CAMAC Highlights - A new era for collective investments in Australia?

The proposals in the CAMAC report are deserving of more discussion and debate by the industry.

In July last year, the Corporations and Markets Advisory Committee (CAMAC) released its report into managed investment schemes (the Report). No doubt due to the significant level of both on-shore and off-shore law reform to be implemented by the funds management industry over the past 12 months, the report has not received the level of follow-up discussion and debate it deserves.

CAMAC’s initial discussion paper into managed investment schemes was released in 2011 and received over 20 submissions from industry, legal practitioners, ASIC, insolvency practitioners and others. The Report highlights a number of key areas of proposed reform. Highlighted below are just two of the key proposals worthy of further discussion and debate by the industry.

1. Collective investment schemes as separate legal entities

To address issues such as the difficulty of finding suitable temporary responsible entities or replacement responsible entities for schemes with insolvent responsible entities and the difficulties that can be encountered by counterparties in recovering out of a scheme’s assets where a responsible entity has jeopardised its right of recovery from the scheme, the Report proposes the adaptation of the current registered managed investment scheme structure.

Known as the “SLE Proposal”  CAMAC proposes retaining the registered managed investment scheme structure for collective investment vehicles in Australia but giving each registered managed investment scheme the status of a separate legal entity. The scheme itself would hold legal title to all scheme property and be the principal to all third party contracts; it could sue or be sued in its own right. The responsible entity would be an agent of the scheme.
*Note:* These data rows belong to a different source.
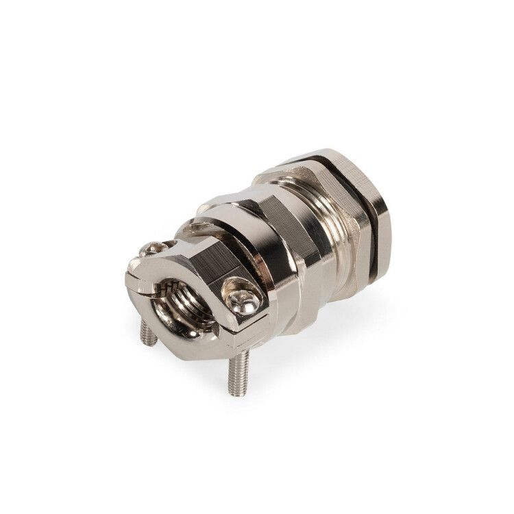 После установки в отверстие, накидная гайка закручивается снаружи, а два винта внутри горловины затягивают полугайки - они плотно обжимают кабель, предотвращая его выдергивание. Уплотнительные кольца из неопрена обеспечивают герметичность вокруг оболочки кабеля.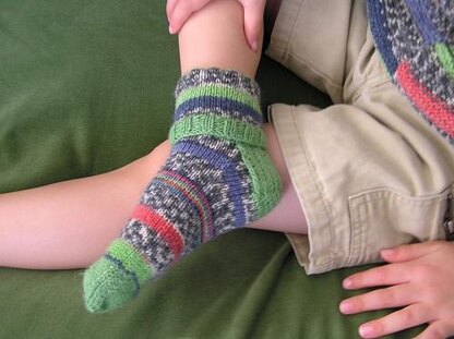 Use leftover solid and self-patterning sock yarns from your stash to knit these special socks with a fancy cuff. Knit socks in four sizes from little toots to big kids.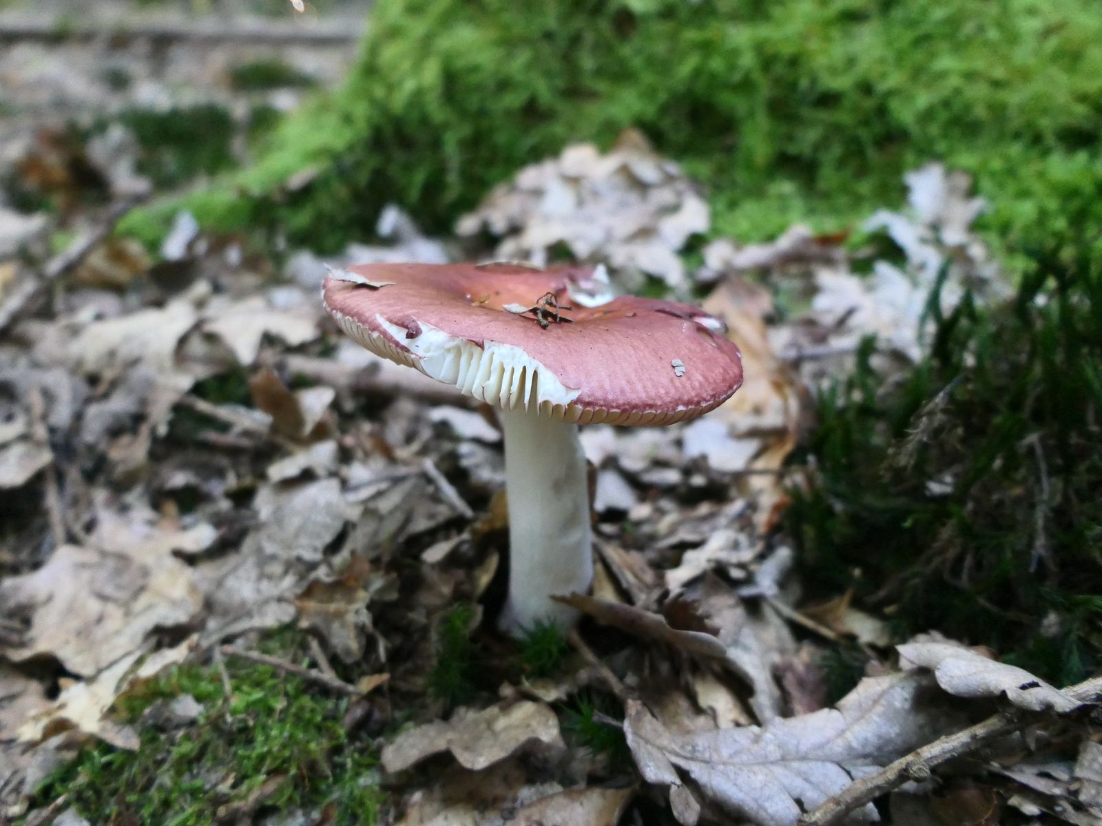 Ein paar Meter weiter finde ich ein Einzelexemplar eines frisch umgestoßenen Pilzes, eine Russula mit schwarz-violetter Huthaut.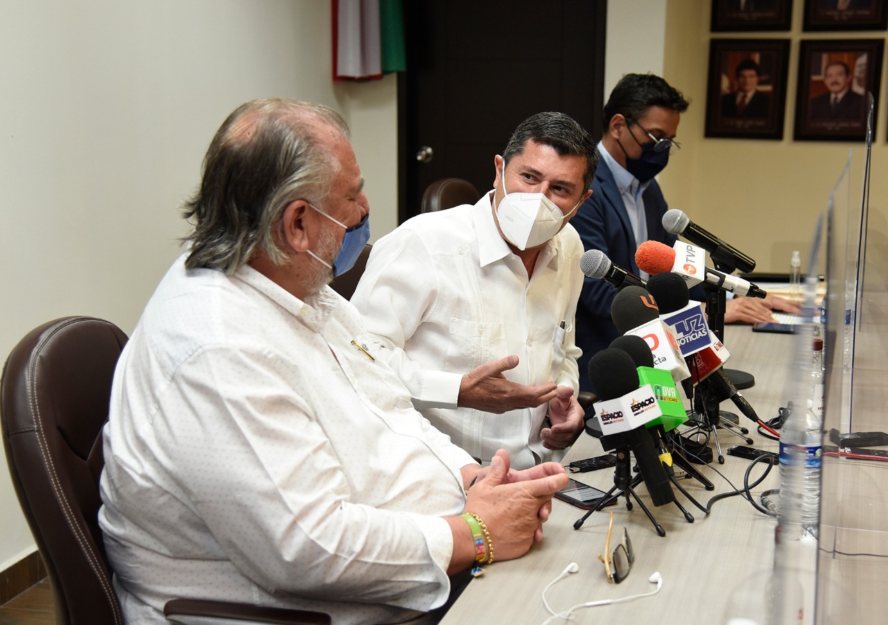Los Mochis, Ahome, Sinaloa, 29 de Septiembre del 2020.- El Presidente Municipal Manuel Guillermo “Billy” Chapman, ofreció este martes conferencia de prensa para informar la visita del Vicepresidente del Grupo Vidanta Mayan Resort, Carlos Mora Álvarez, quien acudió para invitar al alcalde ahomense al Encuentro Nacional de Turismo 2020 los días 18 y 19 de noviembre en la ciudad de Tijuana, Baja California.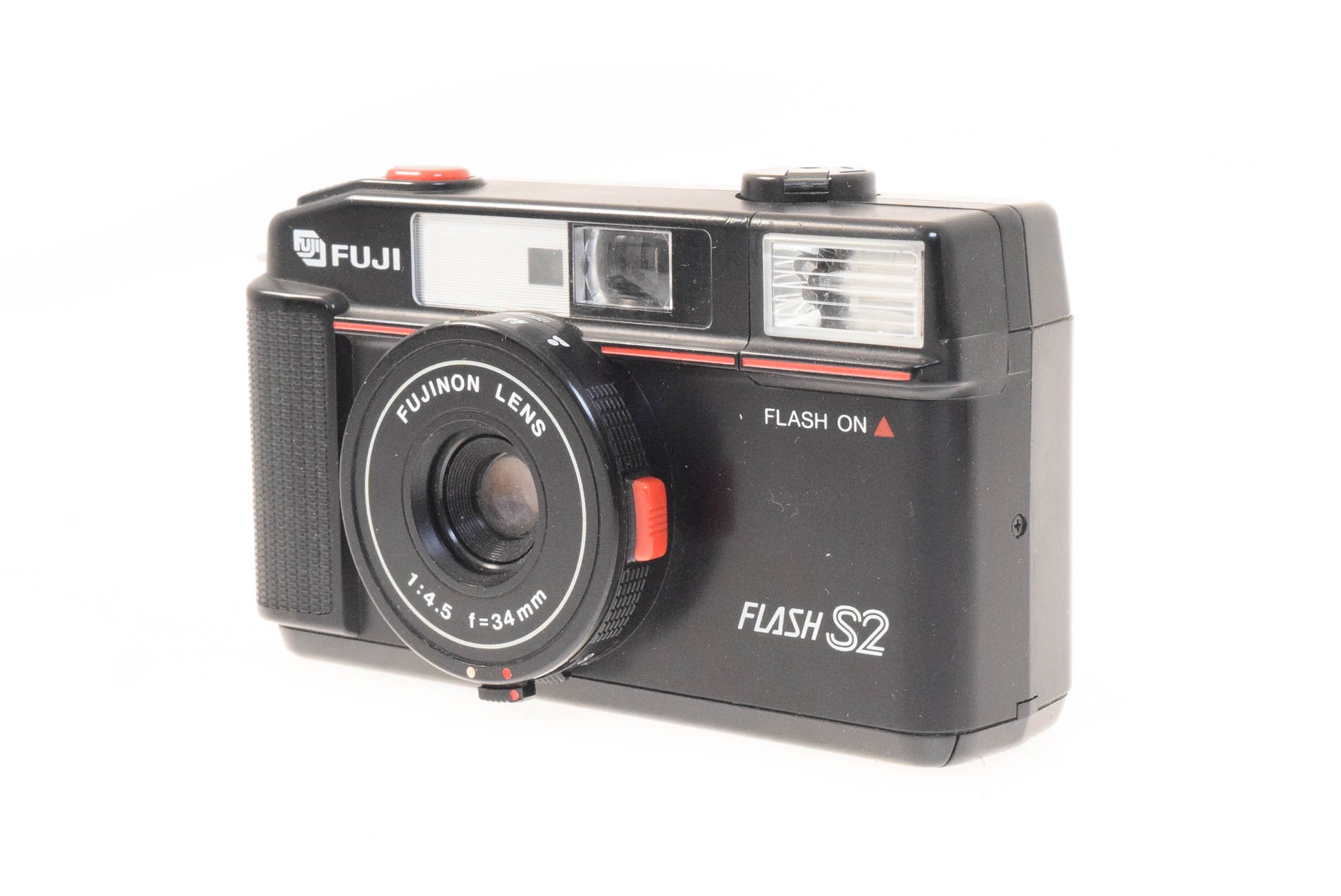 Fuji Flash S2 35mm symbol focus camera released by Fujifilm in 1972. Plastic body available in black.

The SLE Proposal is to be commended and it could well address the issues highlighted above. However, the proposal needs to be considered in light of the international investment funds market in which Australian fund managers compete.

A unit trust is not a collective investment vehicle commonly used in offshore jurisdictions. More common collective investment structures include open or closed-ended investment companies and limited liability partnership structures.

There is a strong argument that to enhance the competitive position of Australian investment funds (or perhaps just to bring them onto a level playing-field with their international counterparts) and to make it easier for offshore investors to get comfortable with investing into Australian funds, Australia should instead be looking to adopt tax-flow through open and closed-ended investment companies and limited liability partnership structures in Australia.

This should at least be discussed and debated, particularly in the context of the Johnson Report and the Asia Pacific funds passport initiatives currently underway.

2. Voting requirements for replacing a responsible entity

Under the current law, the threshold for replacing a responsible entity of an unlisted registered managed investment scheme is an extraordinary resolution, requiring 50% of the total votes that can be cast by members entitled to vote, voting in favour of the replacement (whether they vote or not).

This threshold can by extremely hard to reach, even though a change in responsible entity may be in the best interests of members. This is particularly the case where large portions of unitholdings are held under passive custody arrangements where the custodian is not compelled to vote.

This will be even more difficult under ASIC’s updated regulatory guidance for IDPS platforms which provides that an IDPS operator cannot vote unless it is instructed by investors.

CAMAC suggest that this voting requirement be replaced with a simple majority vote mechanism, with a threshold requirement that at least 25% of the total votes of eligible scheme members being cast.

Whilst a simple resolution with a 25% threshold requirement will be easier to achieve than the current extraordinary resolution requirement, there is room for further discussion and debate around whether the 25% threshold requirement is necessary.

Further discussion and debate is also needed on what is the appropriate mechanism where a responsible entity of a solvent scheme wishes to retire. Should a resolution of members be required at all?  There may be an argument that, where a responsible entity of a solvent scheme wishes to retire, it should be sufficient that the outgoing responsible entity has complied with its duty to act in the best interests of members in finding a suitable replacement responsible entity for the scheme.

These CAMAC highlights touch on just 2 of the many important proposals set out in the Report that are deserving of more discussion and debate by the industry.

Henry Davis York made one of the submissions to CAMAC in response to the 2011 discussion paper.